# PQMass: Probabilistic Assessment of the Quality of Generative Models using Probability Mass Estimation

## Install

Just do:

```
pip install pqm
```

## Usage

This is the main use case:

```python
from pqm import pqm_pvalue, pqm_chi2
import numpy as np

x_sample = np.random.normal(size = (500, 10))
y_sample = np.random.normal(size = (400, 10))

# To get pvalues from PQMass
pvalues = pqm_pvalue(x_sample, y_sample, num_refs = 100, re_tessellation = 50)
print(np.mean(pvalues), np.std(pvalues))

# To get chi^2 from PQMass
chi2_stat = pqm_chi2(x_sample, y_sample, num_refs = 100, re_tessellation = 50)
print(np.mean(chi2_stat), np.std(chi2_stat))
```

If your two samples are drawn from the same distribution, then the p-value
should be drawn from the random uniform(0,1) distribution. This means that if
you get a very small value (i.e., 1e-6), then you have failed the null
hypothesis test, and the two samples are not drawn from the same distribution.
If you get values approximately equal to 1 every time then that suggests
potential duplication of samples between `x_samples` and `y_samples`.
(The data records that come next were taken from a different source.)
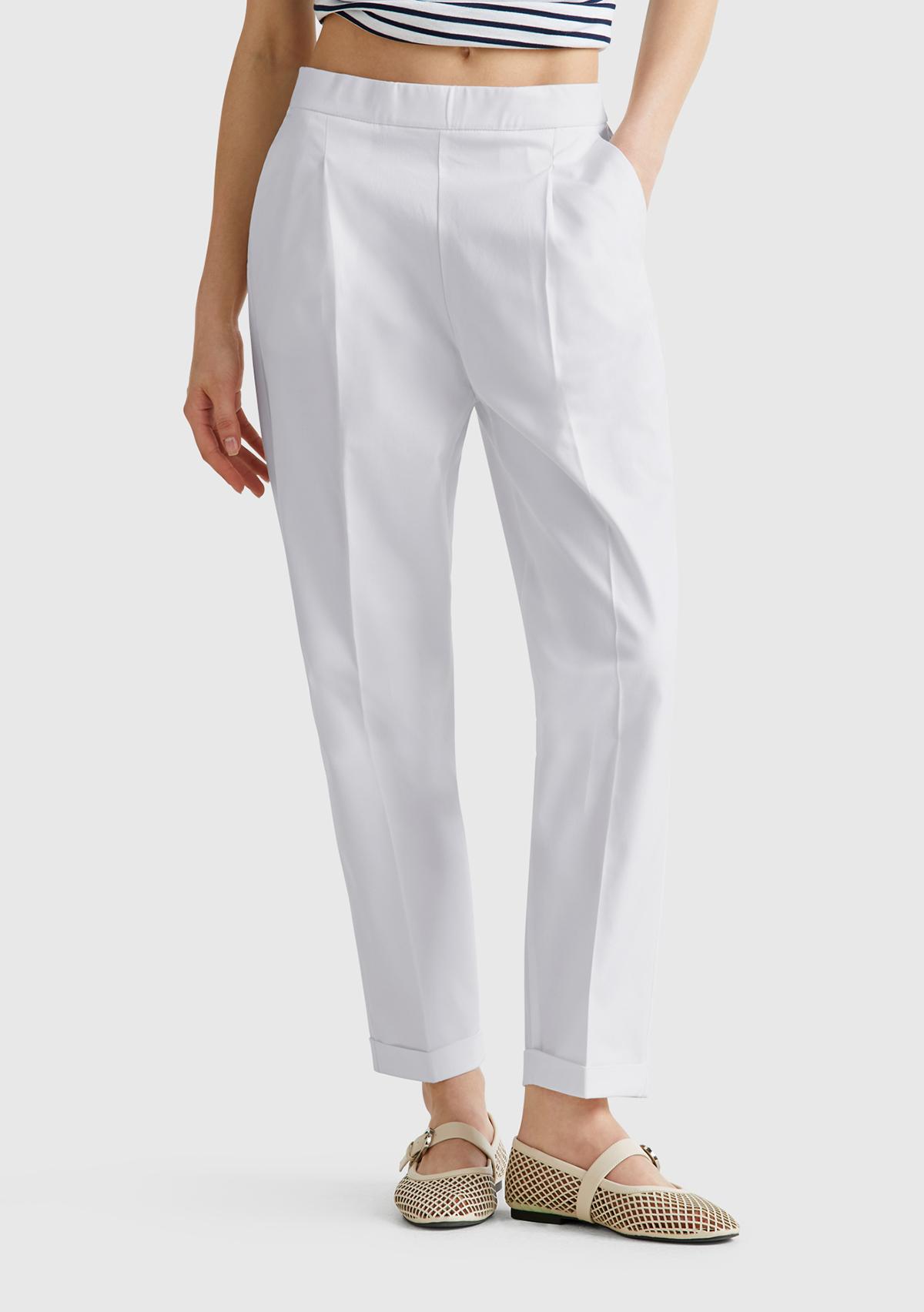 Kadın Beyaz Streç Pamuklu Arka Beli Lastikli Cepli Pantolon
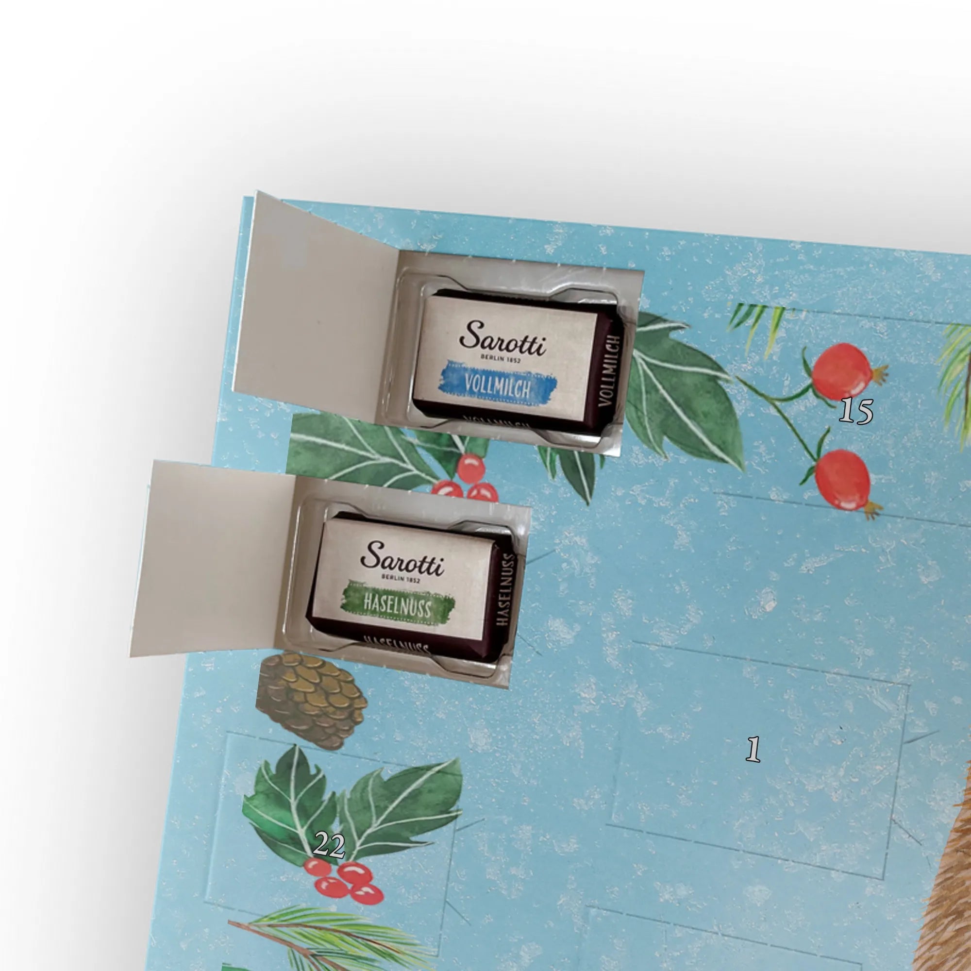 🐼 SCHOKOLADEN-ADVENTSKALENDER: Edler, seidenmatter Druck mit liebevollen Illustrationen.
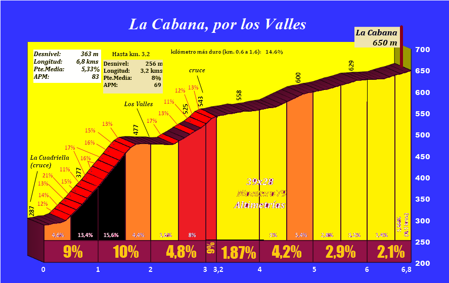 Esta es la altimetría de la ascensión a este alto que denomino de La Cabana (aunque se conoce más por Cueña o Vegalafonte, que quedan más abajo), porque es el pueblo más alto. Esta vertiente se inicia en la localidad mierense de La Cuadriella, en Turón, y es muy irregular. Se divide en tres partes diferenciadas, siendo la primera de ellas la más dura la segunda, irregular, aunque con un kilómetro duro que llega hasta el cruce del kilómetro 3,2 y, posteriormente, la tercera parte, ya hasta la Cabana. La ascensión es muy abrupta al principio con rampas que alcanzan el 21% (tras los primeros 200-300 metros, el siguiente kilómetro y medio tiene una media superior al 14%), entrando, en torno a los dos kilómetros, en una zona de falsos llanos, volviendo a inclinarse ya el último kilómetro antes del cruce con rampas que oscilan entre el 9-11%. Tras el cruce el panorama cambia por completo siendo ya muy floja hasta la cima.
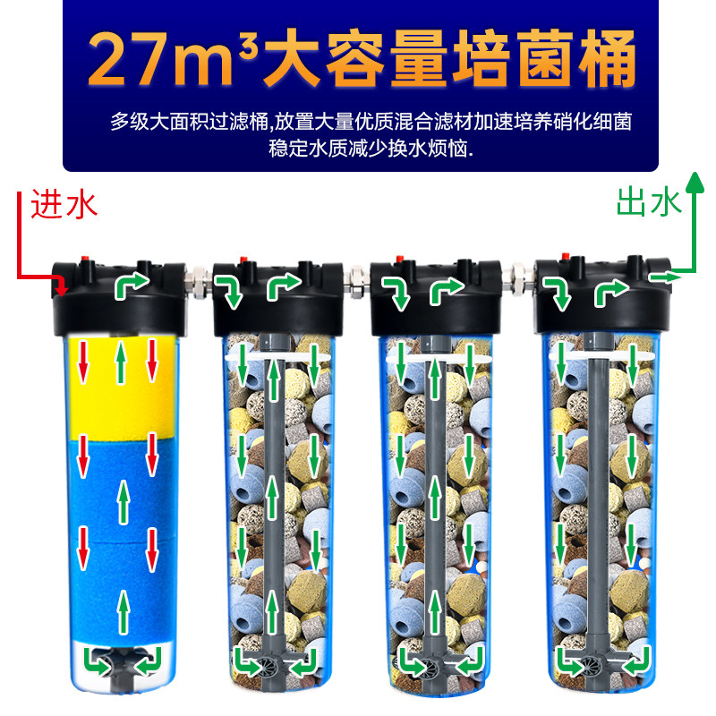 大型鱼池、鱼缸过滤桶及水族箱外置净水循环过滤系统,专为草缸、生态缸及大型观赏水体设计,高效实现水质净化与生态平衡。该系统采用多层物理、生物过滤结构,有效去除杂质、分解氨氮,保持水体清澈透明。外置式设计节省缸内空间,安装便捷,运行安静。内置高性能水泵,提供稳定水流循环,兼具增氧功能,促进有益菌群繁殖,提升鱼类与水生植物的健康生长环境。适用于淡水、海水等多种水体,是打造生态稳定、低维护水族环境的核心设备,广泛应用于家庭、办公及商业展示场景,让水族养护更轻松、观赏更舒心。

For the chi^2 metric, given your two sets of samples, if they come from the same
distribution, the histogram of your chi^2 values should follow the chi^2
distribution. The degrees of freedom (DoF) will equal `DoF = num_refs - 1` The
peak of this distribution will be at `DoF - 2`, the mean will equal `DoF`, and
the standard deviation will be `sqrt(2 * DoF)`. If your chi^2 values are too
high (`chi^2 / DoF > 1`), it suggests that the samples are out of distribution.
Conversely, if the values are too low (`chi^2 / DoF < 1`), it indicates
potential duplication of samples between `x_samples` and `y_samples` (i.e.
memorization for generative models).